Parameters:: deterministic – if True, disables dropconnect masking.

sow(variable_type: type[~flax.nnx.variablelib.Variable[~flax.nnx.module.B]] | str, name: str, value: ~flax.nnx.module.A, reduce_fn: ~typing.Callable[[~flax.nnx.module.B, ~flax.nnx.module.A], ~flax.nnx.module.B] = <function <lambda>>, init_fn: ~typing.Callable[[], ~flax.nnx.module.B] = <function <lambda>>) → bool[source]¶

Store intermediate values during module execution for later extraction.

Used with nnx.capture() decorator to collect intermediate values without explicitly passing containers through module calls. Values are stored under the specified name in a collection associated with variable_type.

By default, values are appended to a tuple, allowing multiple values to be tracked when the same module is called multiple times.

Example usage:

>>> from flax import nnx
>>> import jax.numpy as jnp

>>> class Model(nnx.Module):
...   def __init__(self, rngs):
...     self.linear1 = nnx.Linear(2, 3, rngs=rngs)
...     self.linear2 = nnx.Linear(3, 4, rngs=rngs)
...   def __call__(self, x):
...     x = self.linear1(x)
...     self.sow(nnx.Intermediate, 'features', x)
...     x = self.linear2(x)
...     return x

>>> # With the capture decorator, sow returns intermediates
>>> model = Model(rngs=nnx.Rngs(0))
>>> @nnx.capture(nnx.Intermediate)
... def forward(model, x):
...   return model(x)
>>> result, intermediates = forward(model, jnp.ones(2))
>>> assert 'features' in intermediates

Custom init/reduce functions can be passed to control accumulation:

>>> class Model(nnx.Module):
...   def __init__(self, rngs):
...     self.linear = nnx.Linear(2, 3, rngs=rngs)
...   def __call__(self, x):
...     x = self.linear(x)
...     self.sow(nnx.Intermediate, 'sum', x,
...              init_fn=lambda: 0,
...              reduce_fn=lambda prev, curr: prev+curr)
...     return x

Parameters:

variable_type – The Variable type for the stored value. Typically Intermediate or a subclass is used.
name – A string key for storing the value in the collection.
value – The value to be stored.
reduce_fn – Function to combine existing and new values. Default appends to a tuple.
init_fn – Function providing initial value for first reduce_fn call. Default is an empty tuple.

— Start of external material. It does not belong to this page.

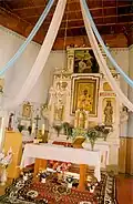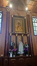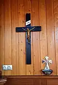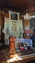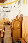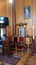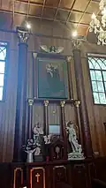 Ściany wewnętrzne są szalowane. Na wysokość 1,6 m obłożone pionową boazerię. Sufit, nawy i prezbiterium są wykonane z drewnianej sklejki, listwowane w kwadraty z fasetą. W kościele ustawiono drewniane ławki z oparciami[8].
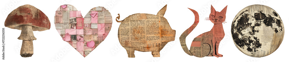 Obraz na płótnie Canvas - PNG Vintage collage art objects, element set on transparent background.

train(**attributes)[source]¶

Sets the Module to training mode.

train uses set_attributes to recursively set attributes deterministic=False and use_running_average=False of all nested Modules that have these attributes. Its primarily used to control the runtime behavior of the Dropout and BatchNorm Modules.

Example:

>>> from flax import nnx
...
>>> class Block(nnx.Module):
...   def __init__(self, din, dout, *, rngs: nnx.Rngs):
...     self.linear = nnx.Linear(din, dout, rngs=rngs)
...     # initialize Dropout and BatchNorm in eval mode
...     self.dropout = nnx.Dropout(0.5, deterministic=True)
...     self.batch_norm = nnx.BatchNorm(10, use_running_average=True, rngs=rngs)
...
>>> block = Block(2, 5, rngs=nnx.Rngs(0))
>>> block.dropout.deterministic, block.batch_norm.use_running_average
(True, True)
>>> block.train()
>>> block.dropout.deterministic, block.batch_norm.use_running_average
(False, False)

Parameters:: **attributes – additional attributes passed to set_attributes.